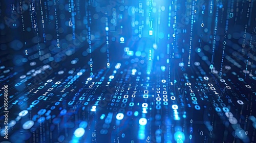 Abstract blue background with glowing lines and binary code elements, perfect for technology and data concepts
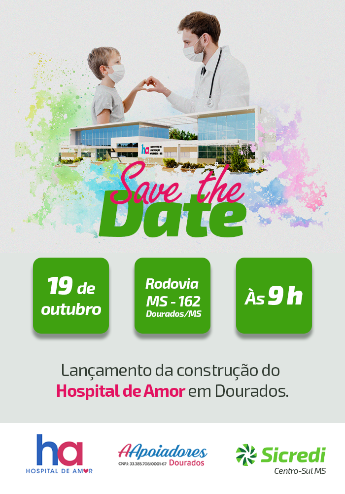 No Dia Internacional das Cooperativas de Crédito, comemorado na terceira quinta-feira do mês de outubro, a Sicredi Centro-Sul MS – instituição financeira cooperativa – lançará oficialmente a construção do Hospital de Amor em Dourados que atenderá, gratuitamente, pacientes com câncer. Os investimentos são de R$ 8 milhões, aprovados pelos associados em assembleia, para a primeira estrutura no município. O lançamento da obra acontecerá no dia 19 de outubro, às 9h, na Rodovia MS 162.
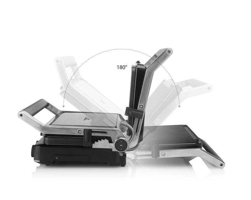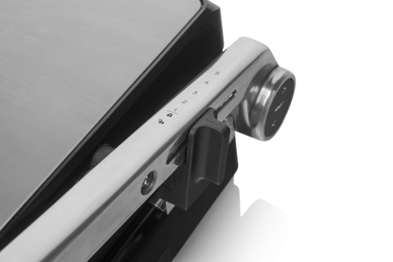 Vrchní desku lze nadzvednout v 5 úrovních. Snadno tak ugrilujete na tenko nakrájenou zeleninu, pořádný kus masa i oblíbený grilovaný sýr. Teplotu si nastavíte pomocí dvou otočných koleček a díky světelným kontrolkám budete mít stále přehled o všem, co se děje.
———
Transcribe all the lines above exactly, apart from the pictures.

■ The completed task:
 Abstract blue background with glowing lines and binary code elements, perfect for technology and data concepts
 No Dia Internacional das Cooperativas de Crédito, comemorado na terceira quinta-feira do mês de outubro, a Sicredi Centro-Sul MS – instituição financeira cooperativa – lançará oficialmente a construção do Hospital de Amor em Dourados que atenderá, gratuitamente, pacientes com câncer. Os investimentos são de R$ 8 milhões, aprovados pelos associados em assembleia, para a primeira estrutura no município. O lançamento da obra acontecerá no dia 19 de outubro, às 9h, na Rodovia MS 162.
 Vrchní desku lze nadzvednout v 5 úrovních. Snadno tak ugrilujete na tenko nakrájenou zeleninu, pořádný kus masa i oblíbený grilovaný sýr. Teplotu si nastavíte pomocí dvou otočných koleček a díky světelným kontrolkám budete mít stále přehled o všem, co se děje.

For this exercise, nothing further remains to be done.